The question must be understood in three dimensions.
1️- The long-term vision
The public debt-to-GDP ratio declined for a long time in the post-war years, reaching a low point in the mid-1970s at around 20%. Since then, this ratio has increased almost linearly to 113.2% by the end of 2024.
Each year, the needs of the French economy, reflected in the rate of public debt, are growing faster than GDP. The main reasons are the rise of the social model, whose expenditures have increased from 15% of GDP in 1960 to 33% in 2023, as well as the job-tax relief measures, which represent 80 billion in 2024 according to the Bozio/Wasmer report. At the same time, expenditures on general and regulatory government services are stable or even declining.

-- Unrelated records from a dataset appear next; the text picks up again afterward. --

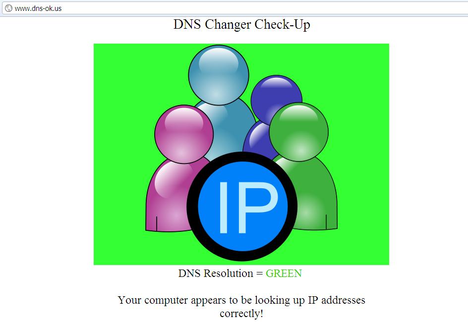 Hijau; Indikasi bahwa komputer aman dari DNSChanger |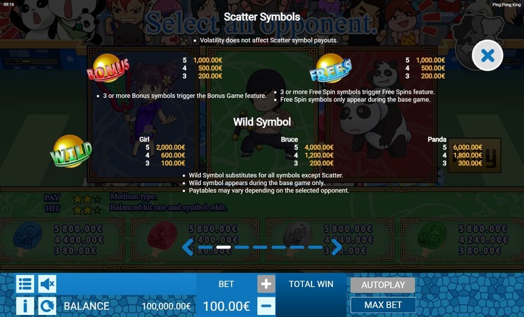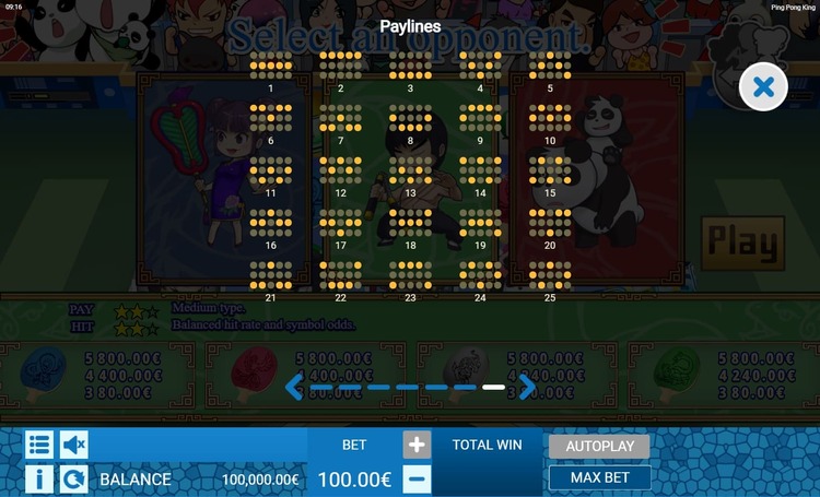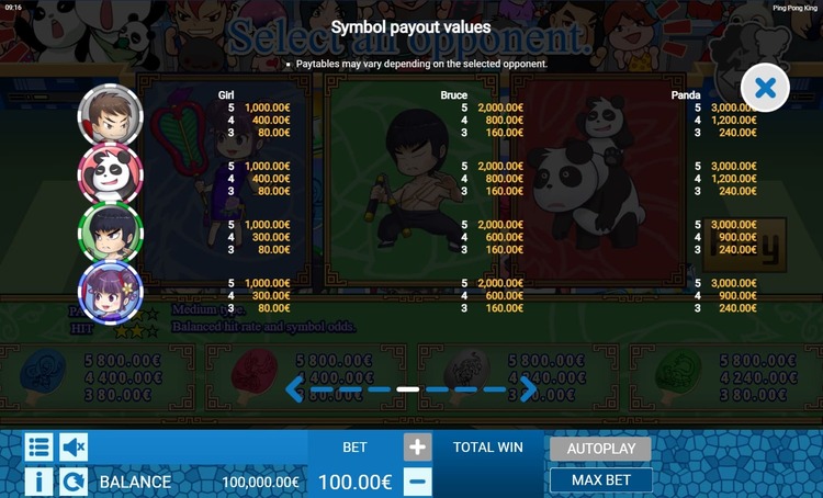 Таблица выплат Ping Pong King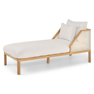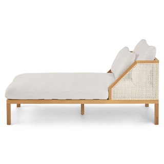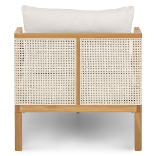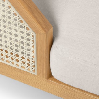 Short and sweet. Featuring a sleek solid wood frame, natural woven fisheye cane details, swoon-worthy cushioning, and an intentionally short frame, the Candra brings a modern sensibility to its old Hollywood charm. Equal parts classy and laid back, it's the ideal spot to curl up and relax.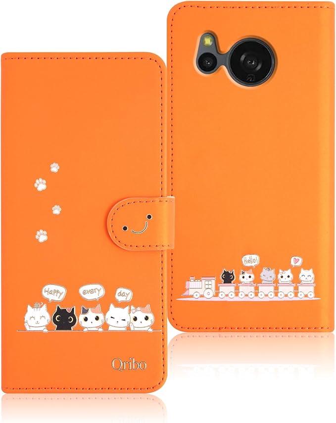 Qribo Aquos sense8 ケース 手帳型 アクオス sense8 カバー SH-54D ケース SHG11 ケース シンプルなのに可愛いデザイン エンボス加工猫柄 うれしい気持ち 6.1インチ対応 シャープ sense8 手帳型ケース アクオスセンス8 ケース スマホケース Aquos SHG11 ケース 薄型 防水 の耐久性 滑り防止 美しい 贈り物 友達 - オレンジ

As for GDP volume growth, it is slowing down, falling from a trend of 2% from the first oil shock to the Great Recession to now 1%.
The social model is not aligned with the economy’s capacity to generate revenue. Public debt is the shock absorber that is now reaching its limits. The French have never been able to resolve this equation between social needs and production capacity.
2️- Economic regulation
It is that of the budget, that of the framework so that the debt is aligned in year n on a sustainable trajectory.
Two issues
🅰️ The whatever-the-cost approach was a mutualization of risk. The State paid for both the cost and the risk. It is not abnormal, now that the risk has passed, for the situation to normalize to the benefit of the State.
🅱️ Debt stabilization requires a shift from a public deficit excluding interest payments of -3/-4% of GDP in 2023/2024 to +1%. Depending on the pace of the budget, the amount saved will be between 20 and 40 billion per year.
3️- Tell a narrative
Focusing budgetary discourse on debt, its amount, and its cost is counterproductive because every citizen and every business quickly realizes that they will be made to contribute through loss of benefits or additional taxes. It is rational to be against any painful discourse on the imbalance of public finances. Effective reforms are only made when they do not appear necessary.
We need a narrative about the future of the French economy and society. Climate change, decarbonization, military spending, an aging population, and the shift in the global economic and political balance are all sensitive issues that must be factored into the budgetary equation and all must be included in the narrative.
Every French person must be able to adhere to it so that their horizons become more distant allowing them to take risks. Without this, budgetary imbalances and sluggish growth will be permanent landmarks.